AMIDE

AMIDE

Amide is a compound that is not reactive, since the protein consists of amino acids linked by amide bonds. Amide does not react with the halide ion, carboxylate ion, alcohol, or water because in each case, the incoming nucleophile is a weak base of the amide group to go.
 
Amide can react with water and alcohol if the reaction mixture is heated under acidic conditions.



 
Molecular orbital theory can explain why the amide is not reactive. Amide has an important resonance contributor in which shares one pair of nitrogen with the carbonyl carbon, which contains a lone pair orbital overlap of the empty orbital of the carbonyl group.

 
Lower energy state overlap-one partner is not a base or nucleophilic, and raises the energy of the orbital of the carbonyl group, making it less reactive toward nucleophiles. Amide NH 2 groups can be dehydrated to a nitrile. Dehydrating reagents commonly used for this purpose is P2O5, POCl3, and SOCl3.

 

Hydrolysis of amides with acid catalyst

When the amide is hydrolyzed in acidic conditions, acid proton of the carbonyl oxygen, increase the susceptibility of the carbonyl carbon to nucleophilic attack. Nucleophilic attack by water on the carbonyl carbon causes the tetrahedral intermediate compound I, which is in equilibrium with form rather than protons, tetrahedral intermediate II. Reprotonasi can occur either at the tetrahedral intermediates of oxygen to reform the I or the nitrogen to form a tetrahedral intermediate III. Protonation at nitrogen is preferred because the NH2 group is a stronger base than OH groups. Of the two possible groups to go on a tetrahedral intermediate III group (-OH and NH3), NH3 is a weak base, so it is released, forming carboxylic acids as end products.
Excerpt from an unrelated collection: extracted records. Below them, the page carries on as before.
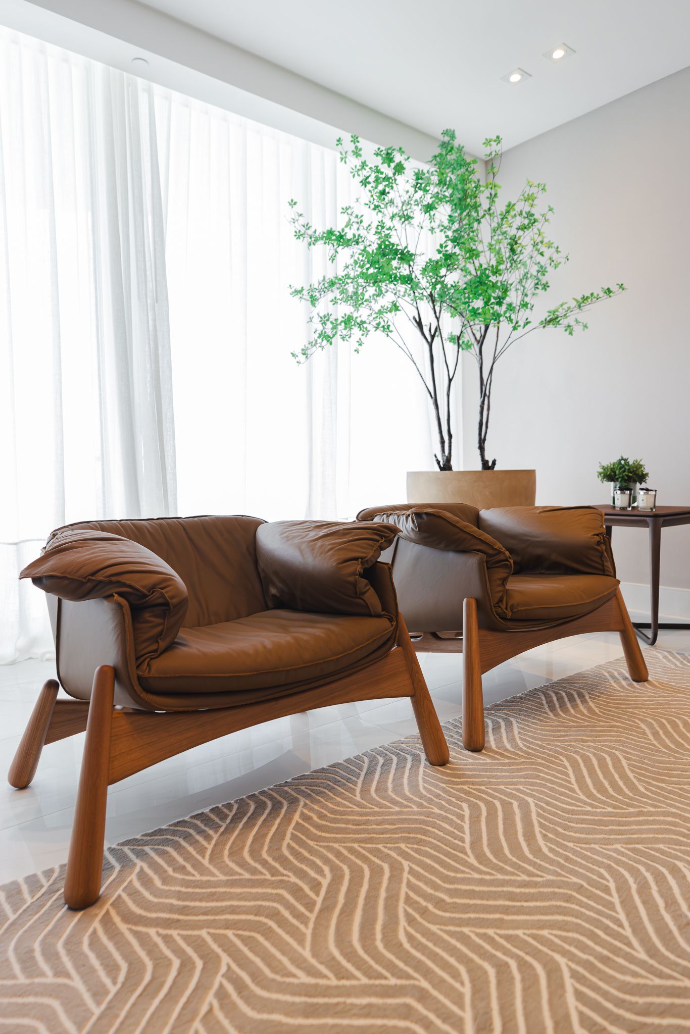 A Poltrona Charua é um dos grandes destaques do espaço. Seu design escultural valoriza os materiais nobres — como o couro natural e os pés em madeira de kitibá — resultando em uma peça que combina textura, elegância e autenticidade. Já o sofá Bob imprime leveza e aconchego, com proporções equilibradas e linhas suaves que traduzem a estética atemporal da Bell’Arte.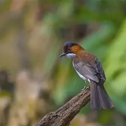 栗背短脚鹎,体长18-22厘米。上体栗褐,头顶和羽冠黑色。背栗色、翅和尾暗褐色具白色或灰白色羽缘。…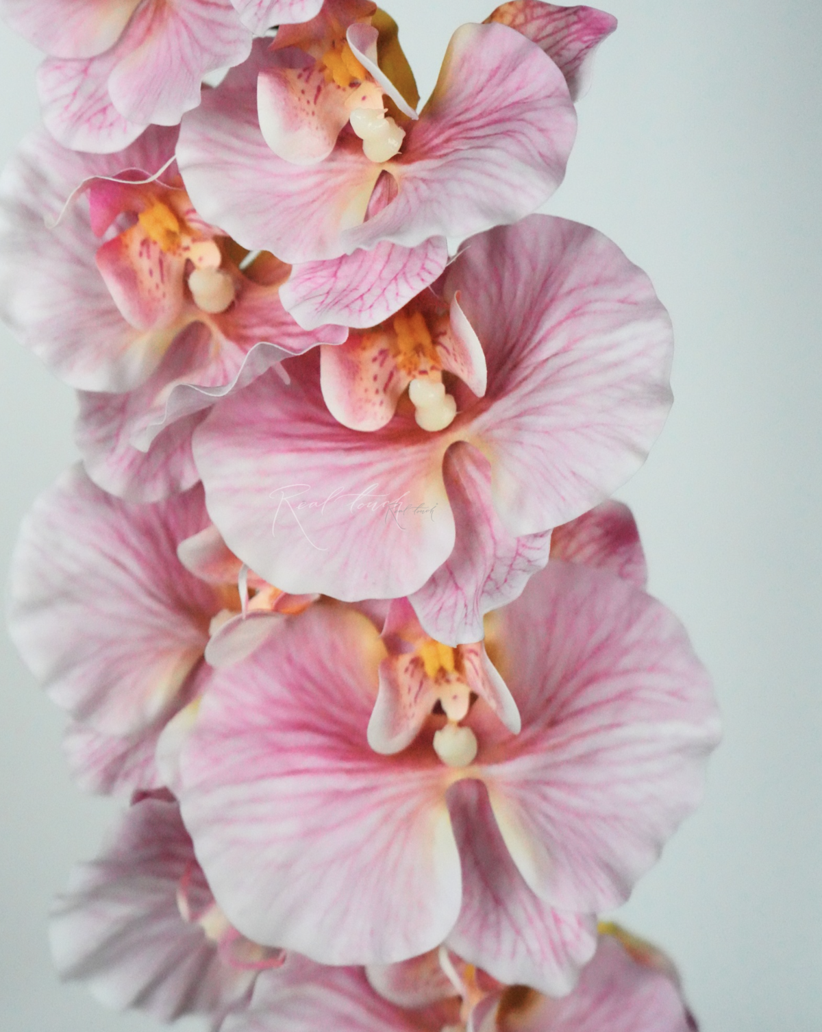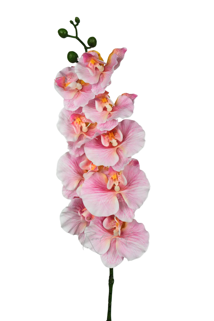 Каждый лепесток идет с 3D печатью ярко-розовых прожилок, которые точь-в-точь повторяют натуральные лепестки орхидеи. Лепестки, как и всё соцветие, выполнены из силикона с едва заметными усилителями на внутренней стороне, при этом существует формовка, которая характерна для данной орхидеи. Также у лепестков имеется тактильный рельеф и волнистые края, что придает им еще больше легкости и нежности. В центре соцветия имеется розовая сердцевина. От сердцевины по всему соцветию идет легкий градиент от темно-розового к белому цвету. Соцветия имеют разный размер и идут диаметром от 8 см до 11 см.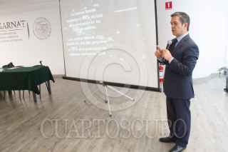 CIUDAD DE MÉXICO, 24ENERO2018.- Rodolfo Lacy, subsecretario de la Semarnat, encabezó la presentación del estudio para reducir emisiones contaminantes en plataformas de Petróleo y Gas en aguas de México. FOTO: VICTORIA VALTIERRA /CUARTOSCURO.COM

Because the reaction is carried out in acid solution, NH3 be protonated after expelled from the tetrahedral intermediates. This prevents the reverse reaction.
Mechanism of hydrolysis of amides with acid catalyst:
 

CHEMISTRY INORGANIC II

LACTAM

From left to right, general structures of a β-lactam, a γ-lactam, a δ-lactam and a ε-lactam.

A lactam (the noun is a portmanteau of the words lactone + amide) is a cyclic amide. Prefixes indicate how many carbon atoms (apart from the carbonyl moiety) are present in the ring: β-lactam (2 carbon atoms outside the carbonyl, 4 ring atoms in total), γ-lactam (3 and 5 total), δ-lactam (4 and 6 total). Beta β, gamma γ and delta δ are the second, third and fourth letters in the alphabetical order of the Greek alphabet, respectively.

         Synthesis

General synthetic methods exist for the organic synthesis of lactams.

• Lactams form by the acid-catalyzed rearrangement of oximes in the Beckmann rearrangement.
• Lactams form from cyclic ketones and hydrazoic acid in the Schmidt reaction.
• Lactams form from cyclisation of amino acids.
• In iodolactamization  an iminium ion reacts with an halonium ion formed in situ by reaction of an alkene with iodine.

• Lactams form by copper catalyzed 1,3-dipolar cycloaddition of alkynes and nitrones in the Kinugasa reaction
• Diels-Alder reaction between cyclopentadiene and chlorosulfonyl isocyanate (CSI) can be utilized to obtain both β- as well as γ-lactam. At lower temp (−78 °C) β-lactam is the preferred product. At optimum temperatures, a highly useful γ-lactam known as Vince Lactam is obtained.